D’autre part, la variabilité de tension existe notamment au fil des années, l’âge étant le facteur de risque
principal d’HTA.
De plus, il existe un mécanisme physiologique appelé le baroréflexe à l’origine d’une variabilité
instantanée. Ce mécanisme physiologique permet en fait d’adapter la PA via le système sympathique et
parasympathique au gré des modifications environnementales (émotion, stress, caféine, tabac, certains
médicaments) en agissant sur l’activité cardiaque et le tonus vasculaire. Cette fonction de régulation est
précocement altérée chez les hypertendus.
Ces paramètres existantss, la multiplication des mesures est indispensable.
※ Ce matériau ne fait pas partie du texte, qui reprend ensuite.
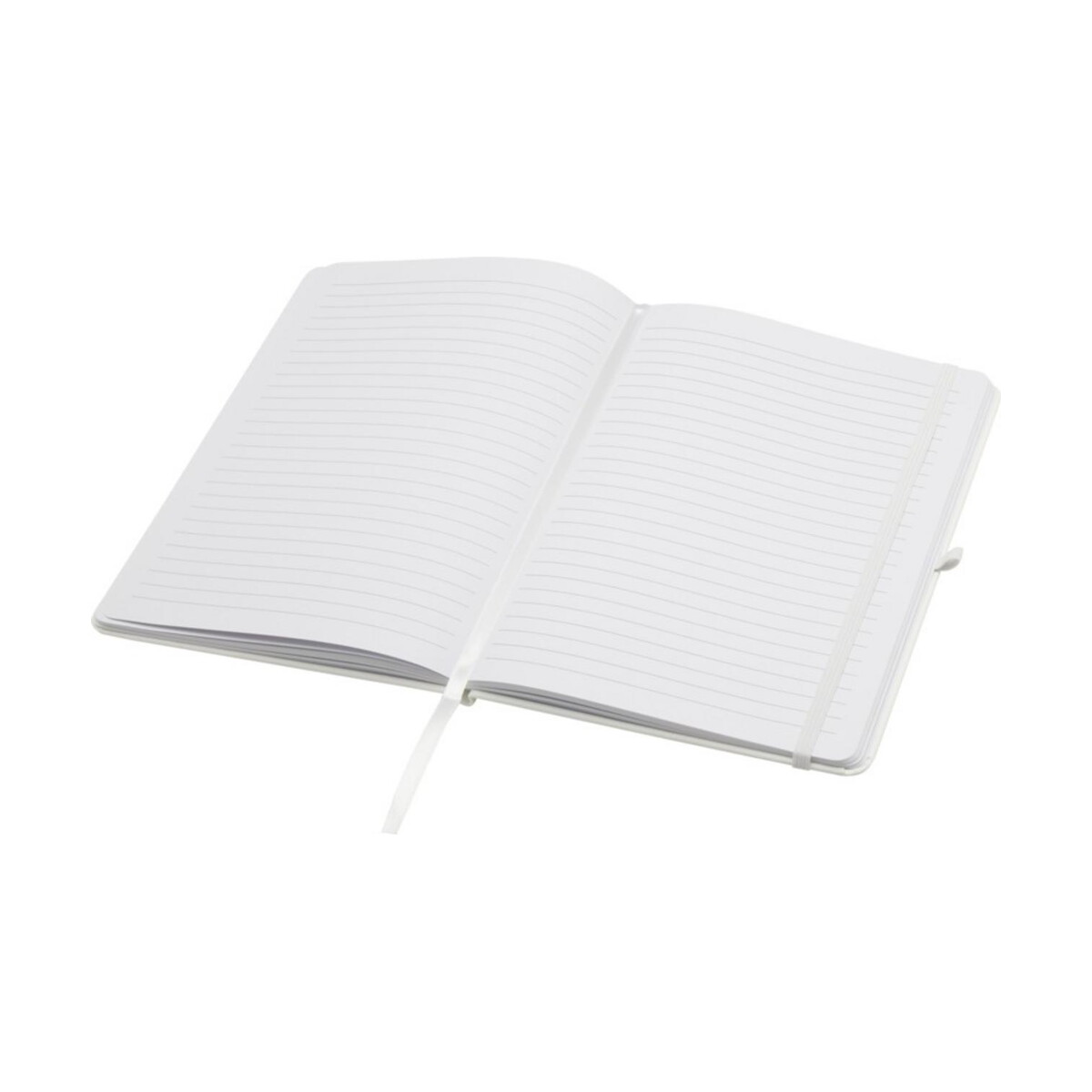 Dzięki gładkiej powierzchni okładki Teak notatnik A5 z twardą okładką z materiałów z recyklingu i stronami w linie jest wręcz stworzony pod nadruk lub logo. Taki personalizowany gadżet reklamowy będzie doskonały dla Twojej firmy z sektora edukacyjnego, finansowego, IT, a także dla agencji kreatywnych czy kancelarii — wszędzie tam, gdzie codziennie powstają nowe pomysły. To świetny upominek na targi branżowe, konferencje i szkolenia, który wzmocni rozpoznawalność marki i sprawi, że klienci będą pamiętać o Twojej ofercie.

2. Erreurs liées aux appareils de mesure :
La mesure de PA au cabinet médical se fait par deux méthodes.
La méthode auscultatoire, la plus ancienne, consiste à détecter les bruits de Korotkoff dont le premier
audible correspond à la PAS et le dernier à la PAD. Pour cela deux types d’appareils sont utilisés:
- le sphygmomanomètre à mercure: appareil de référence, il consiste en une colonne à mercure
qui permet de lire les valeurs de PA en fonction des bruits entendus au stéthoscope.
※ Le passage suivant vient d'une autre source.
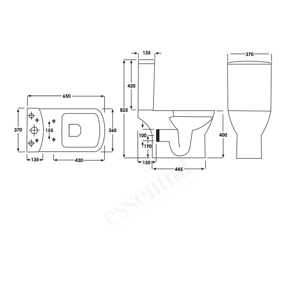 Pan Projection: 650mm, Height: 400mm, Pan Height from Floor: 400mm, Pan Width: 370mm

L’avantage est qu’il donne des résultats fiables et précis et qu’il est peu sensible au dérèglement. Il est
toutefois recommandé de le vérifier tous les 12 mois.
Cependant, son utilité est limitée (voire interdite) par la plupart des autorités gouvernementales des pays
de l’UE du fait de la toxicité du mercure, et la fragilité du tube en verre en limite son transport.
6
- appareils anéroïdes: qui permettent des mesures précises d’autant que non toxiques et peuvent
être transportés. Ils nécessitent un recalibrage plus fréquent (tous les 6 mois).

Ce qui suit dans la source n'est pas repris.